## Problem to solve
Every line of the data below must be output exactly, with images left out.

## Dataset excerpt
______________________________
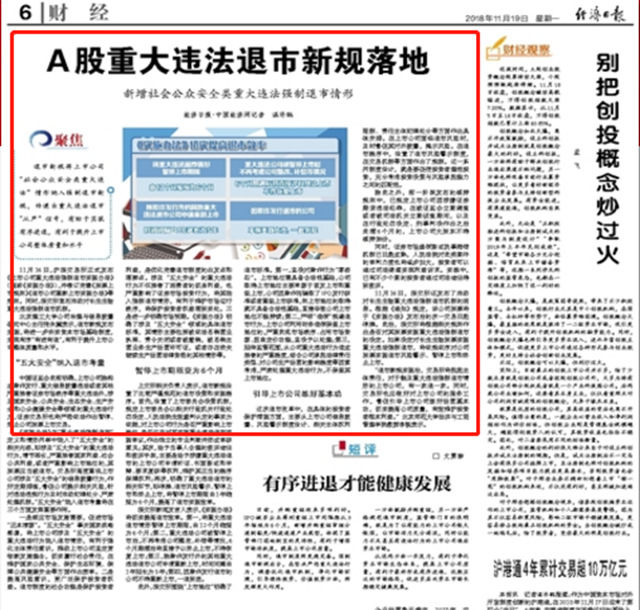 11月16日,滬深交易所正式發布《上市公司重大違法強制退市實施辦法》(簡稱《實施辦法》),并修訂完善《股票上市規則》《退市公司重新上市實施辦法》等規則。同時,深交所宣布啟動對長生生物重大違法強制退市機制。
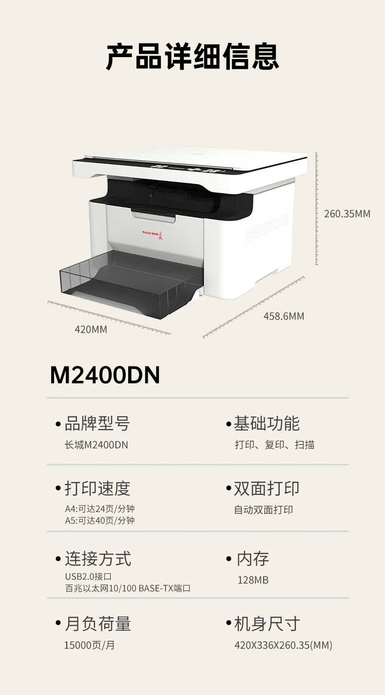 包装清单  :   打印机*1,保修卡*1,电源,数据线,保护材料,原包装
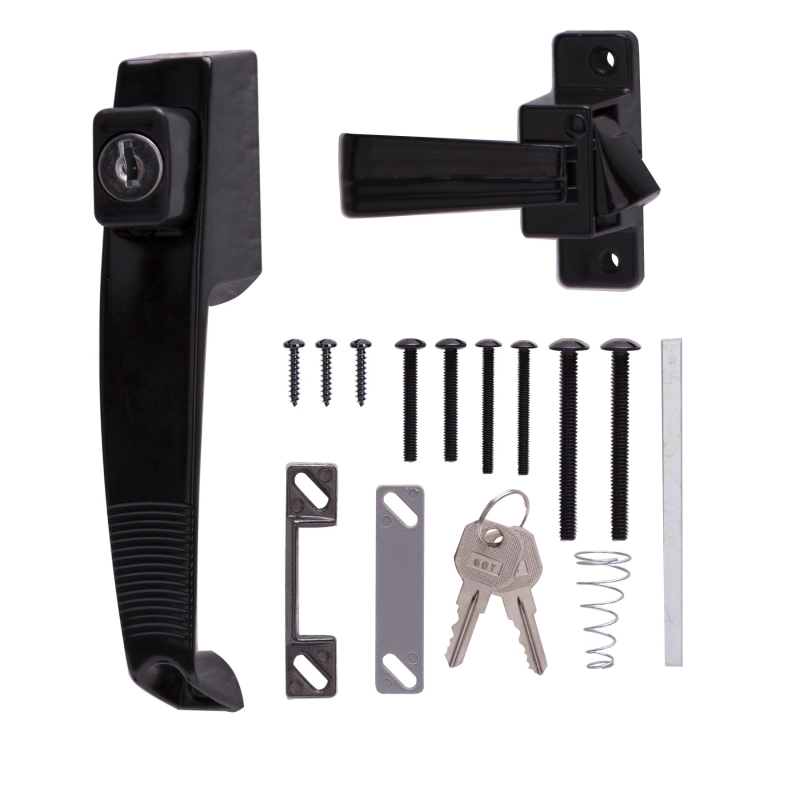 This push button door latches comes finished in black. It is designed for use on outswinging wood or metal screen or storm doors.
______________________________
## Answer space
 11月16日,滬深交易所正式發布《上市公司重大違法強制退市實施辦法》(簡稱《實施辦法》),并修訂完善《股票上市規則》《退市公司重新上市實施辦法》等規則。同時,深交所宣布啟動對長生生物重大違法強制退市機制。
 包装清单  :   打印机*1,保修卡*1,电源,数据线,保护材料,原包装
 This push button door latches comes finished in black. It is designed for use on outswinging wood or metal screen or storm doors.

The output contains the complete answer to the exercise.